▶ _SUPPLIED ENTRIES_:
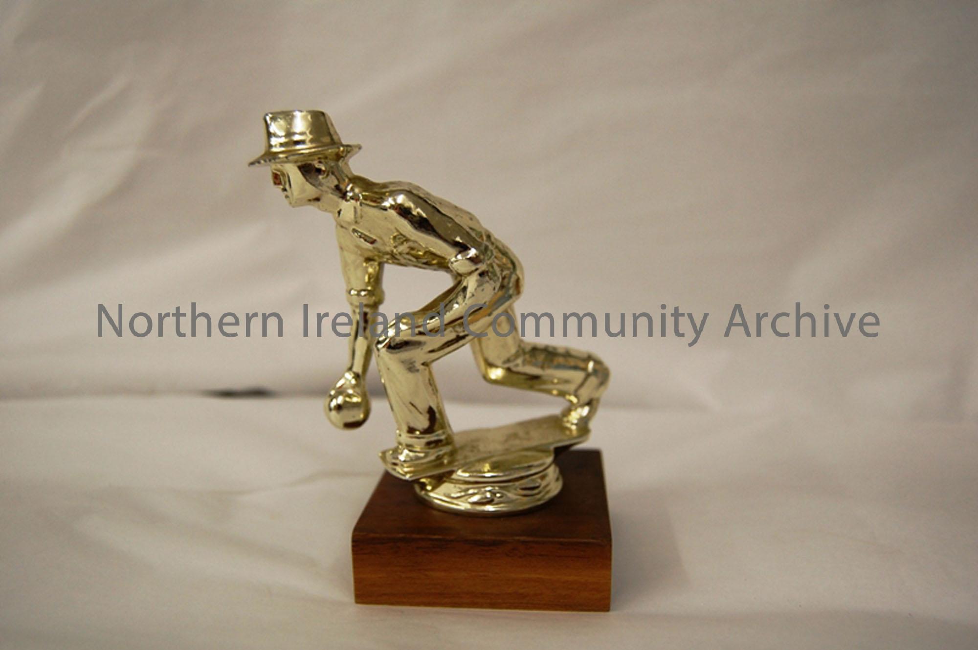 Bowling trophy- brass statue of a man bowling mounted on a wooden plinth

* * *

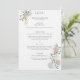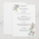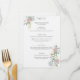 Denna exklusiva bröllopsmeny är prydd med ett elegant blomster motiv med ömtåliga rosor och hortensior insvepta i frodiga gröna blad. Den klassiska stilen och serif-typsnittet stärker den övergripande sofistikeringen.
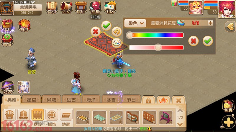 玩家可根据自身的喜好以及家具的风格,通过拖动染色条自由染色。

▶ _WORK REQUIRED_:
The response must repeat exactly the lines above from the one with "Denna exklusiva bröllopsmeny" through the one with "玩家可根据自身的喜好以及家具的风格,通过拖动染色条自由染色。", including both, and must contain no pictures and no other text.

▶ _RESPONSE AREA_:
 Denna exklusiva bröllopsmeny är prydd med ett elegant blomster motiv med ömtåliga rosor och hortensior insvepta i frodiga gröna blad. Den klassiska stilen och serif-typsnittet stärker den övergripande sofistikeringen.
 玩家可根据自身的喜好以及家具的风格,通过拖动染色条自由染色。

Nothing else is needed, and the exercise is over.